EXERCISE DIRECTIONS: Go to the line that contains "Ripe sea buckthorn" in the records below and repeat it, and each line after it, exactly through the end, omitting pictures.

──────── DATA EXCERPTS

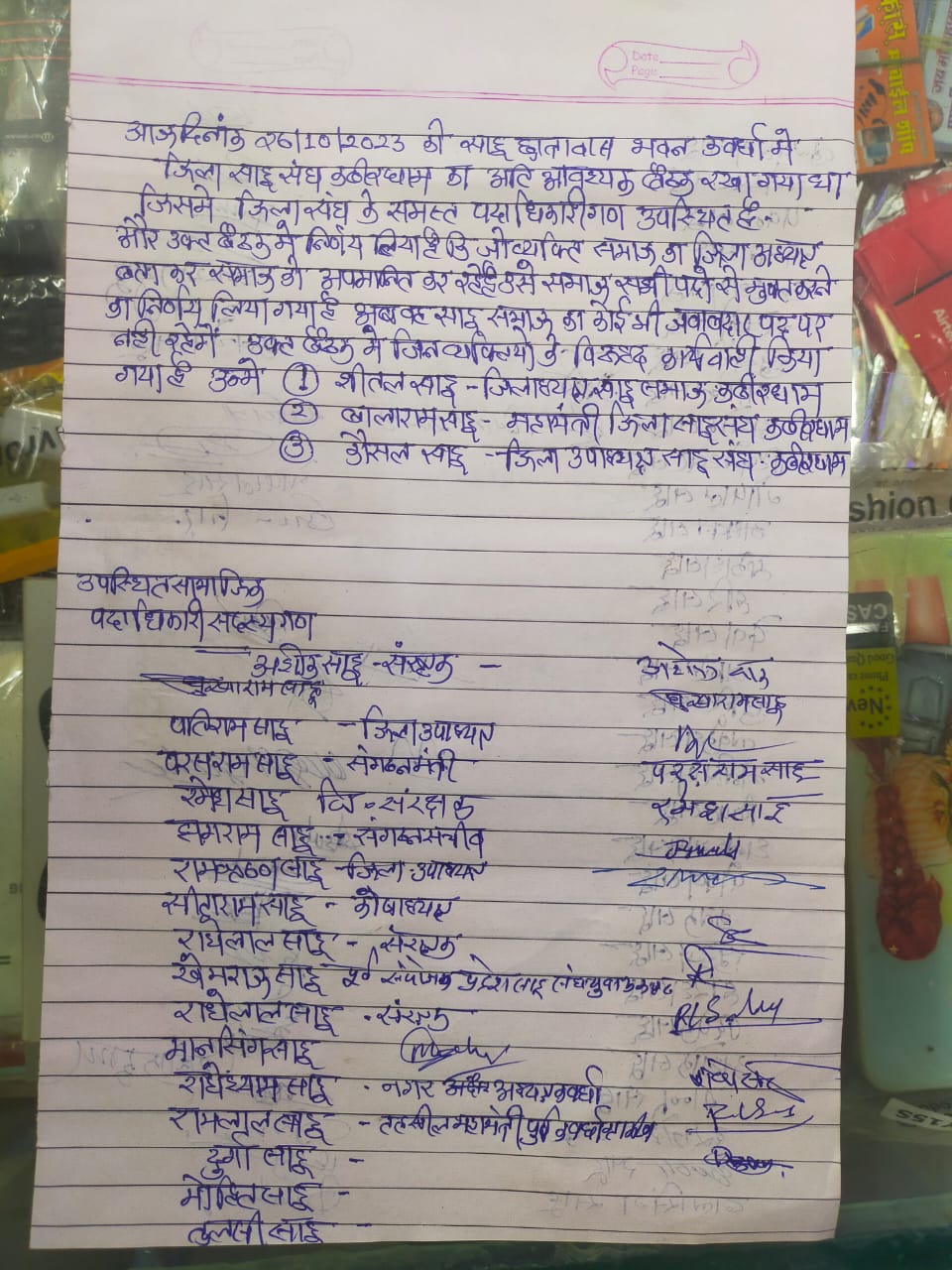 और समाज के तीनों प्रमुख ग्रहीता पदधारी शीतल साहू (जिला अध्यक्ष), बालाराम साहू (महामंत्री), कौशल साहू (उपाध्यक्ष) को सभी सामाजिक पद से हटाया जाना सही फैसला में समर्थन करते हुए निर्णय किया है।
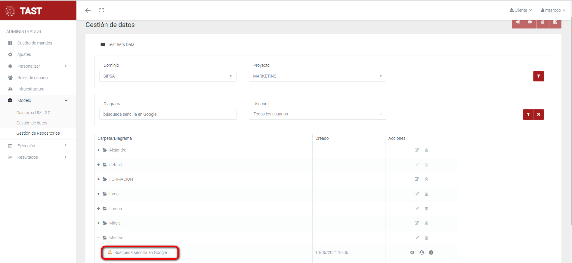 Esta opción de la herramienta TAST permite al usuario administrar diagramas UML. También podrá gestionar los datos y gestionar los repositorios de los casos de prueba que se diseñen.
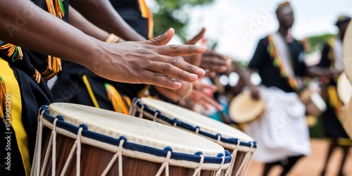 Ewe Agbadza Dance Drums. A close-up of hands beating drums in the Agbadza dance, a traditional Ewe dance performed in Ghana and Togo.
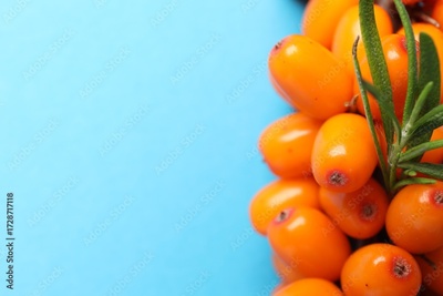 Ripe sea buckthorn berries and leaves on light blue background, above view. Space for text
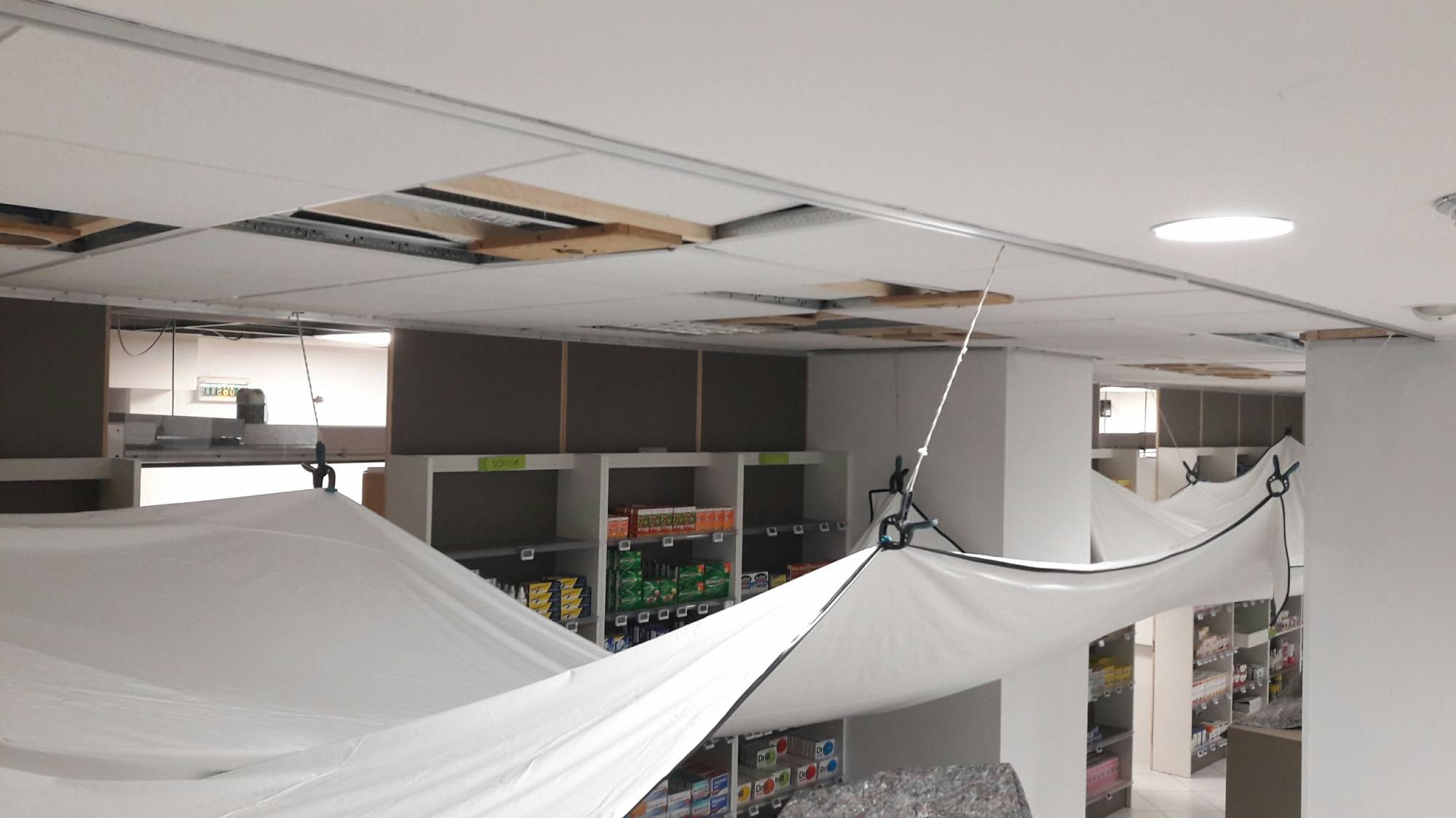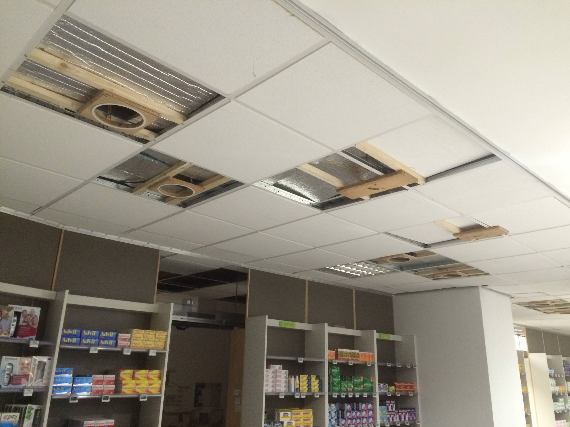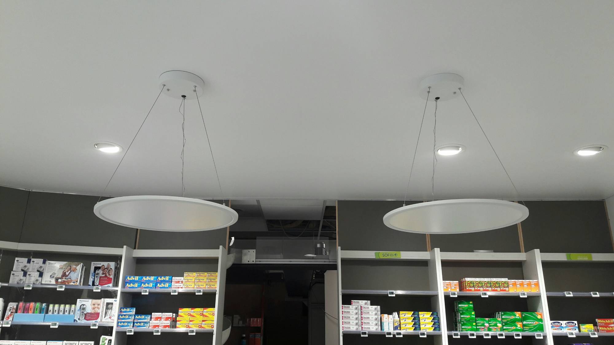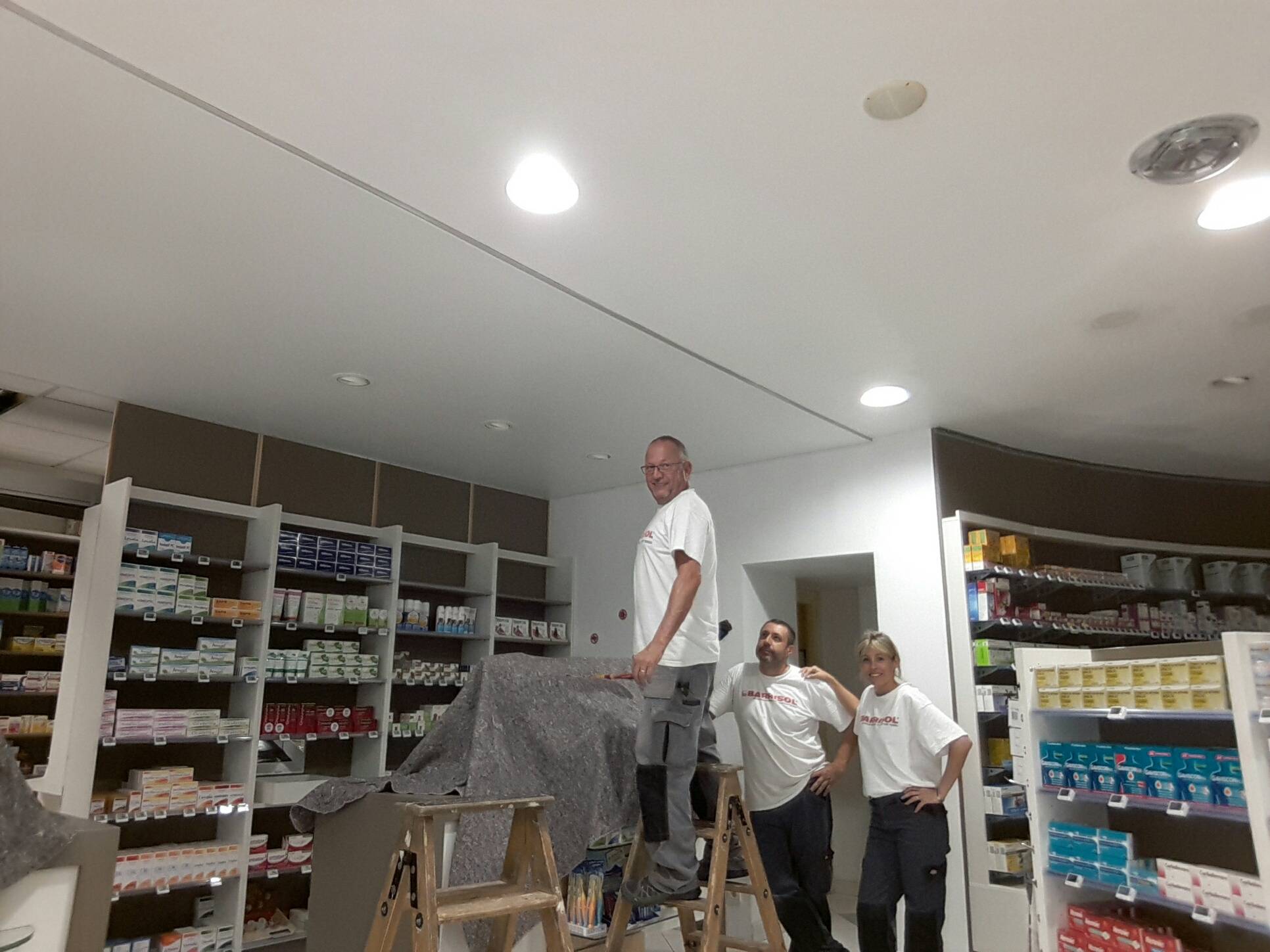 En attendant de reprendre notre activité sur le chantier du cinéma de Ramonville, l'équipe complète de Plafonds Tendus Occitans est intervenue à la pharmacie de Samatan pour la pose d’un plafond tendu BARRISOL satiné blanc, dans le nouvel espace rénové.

────────────────

SOLUTION FOR THIS TASK:
 Ripe sea buckthorn berries and leaves on light blue background, above view. Space for text
 En attendant de reprendre notre activité sur le chantier du cinéma de Ramonville, l'équipe complète de Plafonds Tendus Occitans est intervenue à la pharmacie de Samatan pour la pose d’un plafond tendu BARRISOL satiné blanc, dans le nouvel espace rénové.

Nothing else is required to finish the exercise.